Zırhına aşılanan Tam Koruma büyüsü Solus'a tam mekansal farkındalık kazandırdı ama eğer bedeni onları takip edemiyorsa düşmanlarının hareketlerini bilmenin bir anlamı yoktu.
Ancak şimdi, Tam Muhafız sayesinde ölümsüzün vücudunun her parçasının nerede olduğunu ve zihninde nerede olacaklarını görebiliyordu. Solus, hangi hareketlerin sadece aldatmaca olduğunu, hangilerinin saldırma amaçlı olduğunu görebiliyordu.
Hatta her iki ölümsüzün de, darbelerinin birbirine bağlanması, engellenmesi veya savuşturulması durumunda nasıl tepki vereceğini bile görebiliyordu.
Geleceğin gözlerinin önünde parladığını görmeye benziyordu.

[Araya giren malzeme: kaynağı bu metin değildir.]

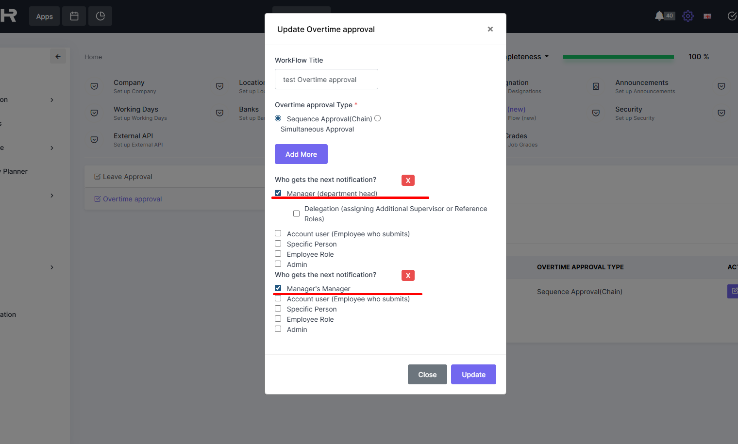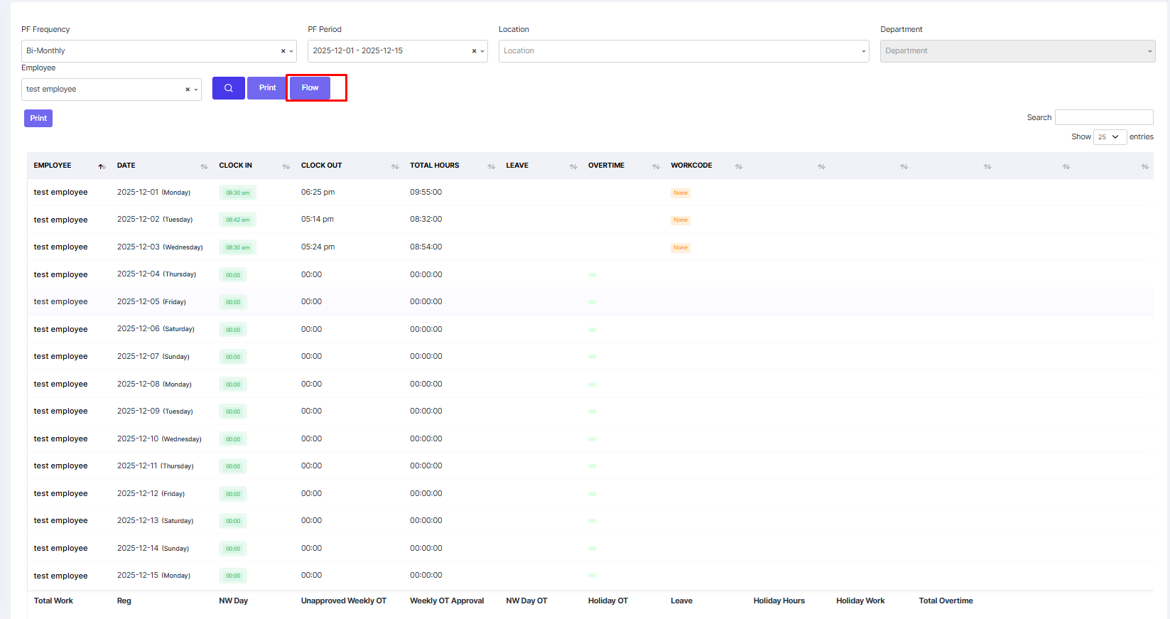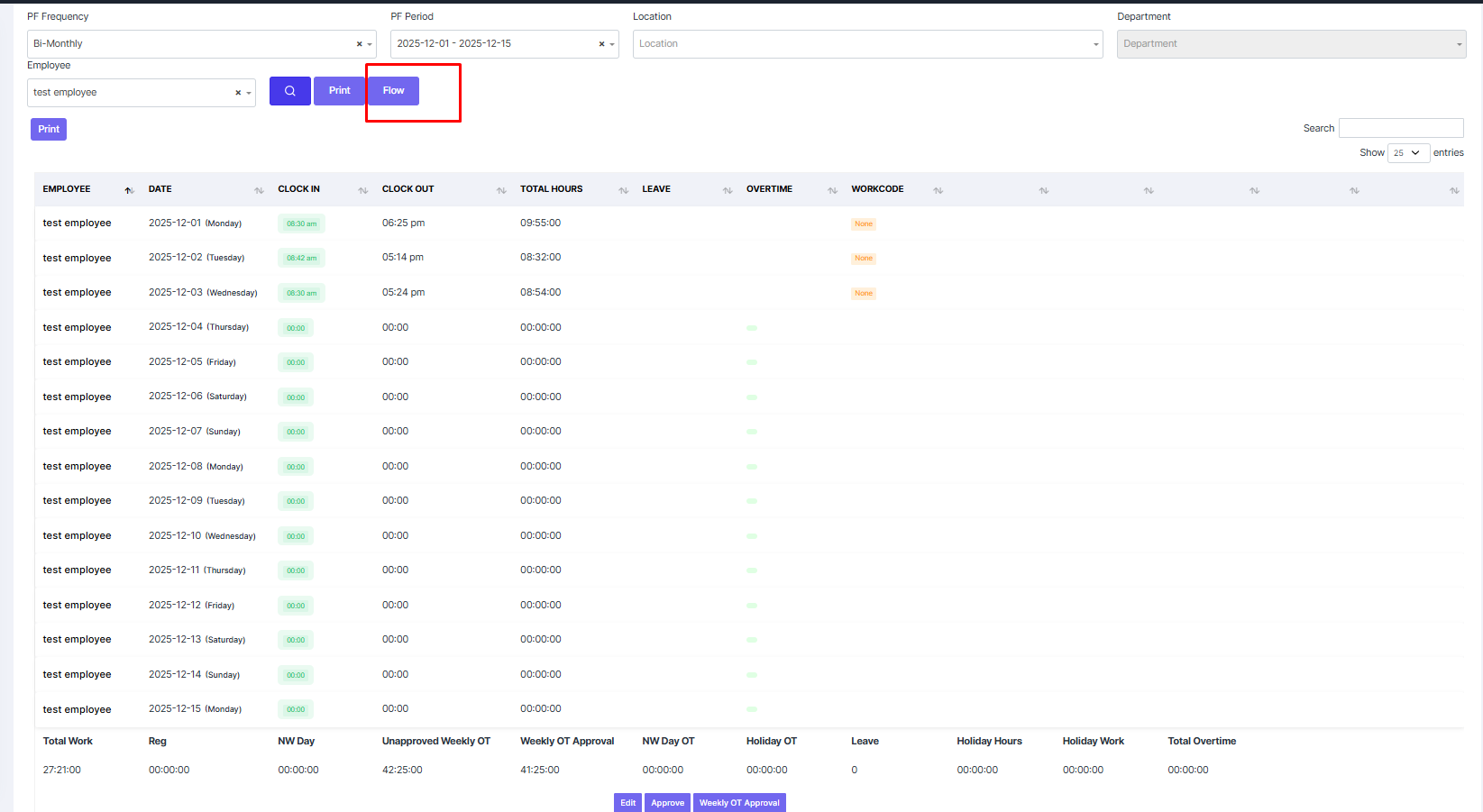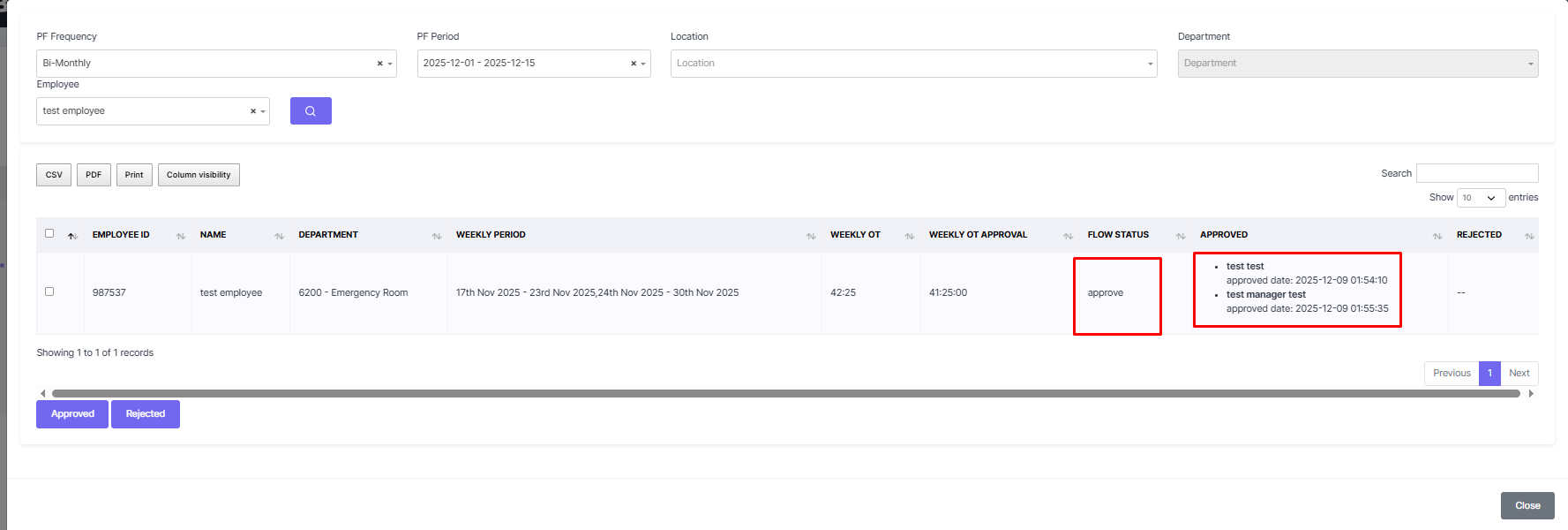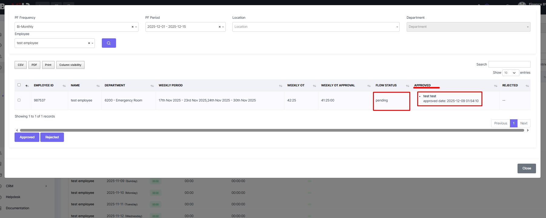 When I click on the Flow button, it will show the details of both the supervisor’s approval and the manager’s approval, and the flow status will show Approved in the table listing inside the flow modal.

Bilgi akışı, atıyla paylaştığı zihin bağlantısından geliyordu ve Solus, Hiçlik'e güvenmeyi seçti. Büyücü Avcısı'nın geldiğini bildiği Parçalanmış Ruh'u etkisiz hale getirmek için Hush Zone'u kullanırken, çekici, Büyücü Avcısı'nın kılıcını durdurmak için hareket etti.
Zamor gafil avlanmıştı; darbe o kadar ağırdı ki, eğer onun deneyimi olmasaydı Fury onun kılıcını ve bununla birlikte hayatını da parçalayabilirdi. Banshee Jima, soyundan gelen yeteneğini serbest bıraktıktan sonra, bunun bir açıklık yaratacağından emin olarak harekete geçmişti.
Parçalanmış Ruh bir açılış yarattı ama Solus için. Hush Zone çığlığı iptal etti ve Banshee gardını indirirken Solus ellerini kaldırdı.
Jima artık Solus'un vücut şekillendirme yoluyla yarattığı veba Oklarına karşı savunmasızdı. Karanlık yavaştı ama Altın Şövalye, büyüleri Jima'nın yörüngesine yerleştirerek Banshee'nin onlarla kendi başına karşılaşmasına neden oldu.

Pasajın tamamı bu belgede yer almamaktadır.